# Strom sparen



## waldy (7 Januar 2010)

Hallo,
ich möchte meine Gelühbirne auf Energiesparlame ode rLED Lampen wechseln lassen.

Von Energielampen halte ich nicht vie - weil Licht ist je nach Hersteller von Fiolet bis Gelbe Fabig.

LED habe ich noch nciht, was halten sie von LEd und welche würden Sie empfollen.

gruß


----------



## ron (7 Januar 2010)

Hi,

denke das ist eine Frage des einsatzgebietes, Küche oder Esszimer etc ist eher für ne Energiesparlampe geeinget wie jetzt z.B. der Flur. Dort ist wohl die LED sinvoller, diese gibts auch in dieversen Farben auch mit automatischem Farbwechsel 
Gruß

Ron


----------



## waldy (7 Januar 2010)

Ich habe gestern in Geschäft nach Preise von LED lampe nachgeguckt. Eine LED Lampe 2W - 40 W kostet ca. 10 eur.
Und wie gut die ist - weiss ich auhc nicht, zum testen ist bischen zu teer.

Und welche sind gut Enegiesparlamen , von welche Hersteller?
gruß


----------



## TCP/IP (7 Januar 2010)

Hallo, wie die hier 

http://darmstadt.bund.net/service_und_beratung/unsere_oekotipps/strom_und_energiesparen/

nachlesen kannst, sind die LED-Lampen noch ganz am Anfang ihres Entwicklungspotentials.

TCP


----------



## MSB (7 Januar 2010)

Also wie von Ron schon angesprochen sind Energiesparlampen überall da gut, wo Licht dauerhaft "gebraucht" wird,
bei mir im Haus wäre das klassischerweise Küche und Arbeitszimmer.
Der Hersteller der Energiesparlampe spielt dabei auch nur bedingt eine Rolle, aber mit z.B. Osram macht man da sicher nichts verkehrt.

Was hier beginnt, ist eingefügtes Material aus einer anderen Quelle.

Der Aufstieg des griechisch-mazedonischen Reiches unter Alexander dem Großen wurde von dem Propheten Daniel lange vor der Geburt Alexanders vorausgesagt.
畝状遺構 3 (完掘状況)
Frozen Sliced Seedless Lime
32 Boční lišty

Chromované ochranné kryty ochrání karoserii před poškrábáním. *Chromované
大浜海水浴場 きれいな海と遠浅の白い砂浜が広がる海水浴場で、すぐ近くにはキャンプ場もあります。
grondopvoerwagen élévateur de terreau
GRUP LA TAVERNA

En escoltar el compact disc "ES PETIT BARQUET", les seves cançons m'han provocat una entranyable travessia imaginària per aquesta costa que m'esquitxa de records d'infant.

Die Sparmöglichkeiten in Kurzleuchtern wie Flur, WC ... würde ich sowieso sehr nahe an Null ansetzen,
die Leuchtmittel speziell Energiesparlampen gehen hier deutlich früher kaputt, LED's sind in der Anschaffung zu teuer,
als das sich das über das bisschen Stromersparniss rechnen könnte.

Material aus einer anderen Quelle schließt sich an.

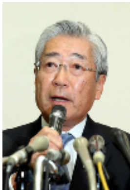
会見する日本オリンピック委員会の竹田恒和会長＝2019年1月15日午前11時、東京都渋谷区

※ご使用のブラウザや回線など、利用環境により再生できない場合があります。 ※現地の回線等の状況により、配信を一時中断または中止することがあります。
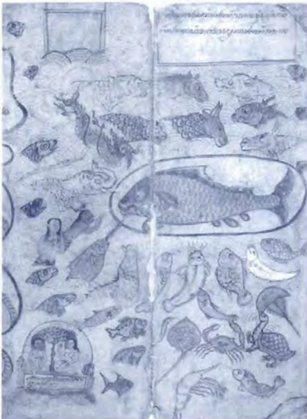
รูปที่ ๒ ภาพหมูปปลาหลายชนิด ตรงกลาง ส่วนล่างของภาพ มีรูปวาดเป็นปลาหน้าคน ซึ่งก็คือปลาระเบน ส่วนภาพปลาในวงล้อม ผู้วาดต้องการให้หมายถึงปลาอนนด์ (จากสมุดภาพไตรภูมิฉบับ เลขที่ ๖)
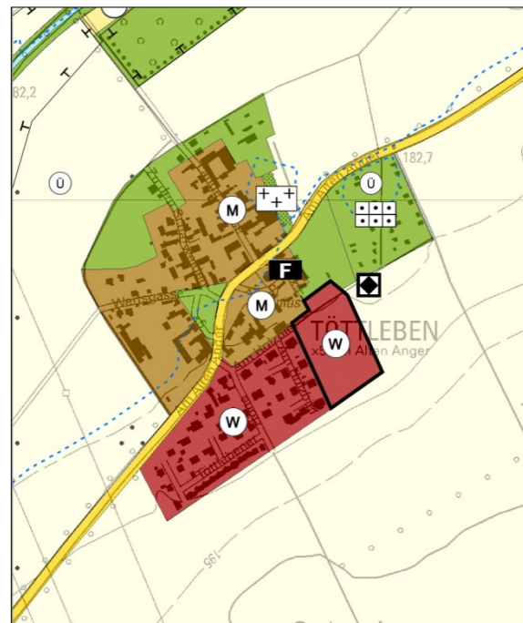
Abb. 2 – FNP-Berichtigung Nr. 14, Bereich Kerspleben, Bebauungsplan KER709 „Am Holzbiel“ in Töttleben, Stand 22.09.2020

Es gibt LED-Lampen in Halogen-Form, hier sind vor allem die 230V LED-Leuchten interessant,
die haben bei vielen Herstellern auch eine relativ normale Lichtfarbe.

Ansonsten ist die LED-Lampe heute weniger eine echte Beleuchtung als viel mehr ein Designelement.

@TCP/IP
Wenn die Info genau so präzise formuliert ist wie der Vergleich Glühbirne/Energiesparlampe, na dann kann man alles was da steht ja [Ironie]Bedenkenlos glauben[/ironie]...

Mfg
Manuel


----------



## Sockenralf (7 Januar 2010)

Hallo,

meine Erfahrung (sowohl proivat als auch geschäftlich):

ESL von Megamann

LED für die Tonne 


MfG


----------



## argv_user (7 Januar 2010)

Gerade in der Küche brauche ich richtiges Licht. Da ist nix mit ESL oder so.
Da wo gekocht wird muss man schließlich etwas vernünftiges sehen.

Ich habe mittlerweile gerade noch eine ESL im Gebrauch, nämlich da wo sie stundenlang brennt: im Wohnzimmer. Ist von Osram, geht gleich an und ist schön hell....
Aber am Arbeitsplatz will ich sowas nicht haben, tut mir leid.


----------



## waldy (7 Januar 2010)

Hi,
ich habe auch schon gehört, das Lampe von Megamann sind gut, besonderes das diese Lampen sind ohne Giftige Gas herstellt - stimmt das?

gruß waldy


----------



## Homer79 (7 Januar 2010)

> Hallo,
> meine Erfahrung (sowohl proivat als auch geschäftlich):
> ESL von Megamann
> LED für die Tonne



...seh ich genau so...osram is auch ok


----------



## vierlagig (7 Januar 2010)

Homer79 schrieb:


> ...seh ich genau so...osram is auch ok



die ikea energiesparer machen auch licht ...


----------



## Chräshe (7 Januar 2010)

Hallo Waldi,


waldy schrieb:


> ich habe auch schon gehört, das Lampe von Megamann sind gut, besonderes das diese Lampen sind ohne Giftige Gas herstellt - stimmt das?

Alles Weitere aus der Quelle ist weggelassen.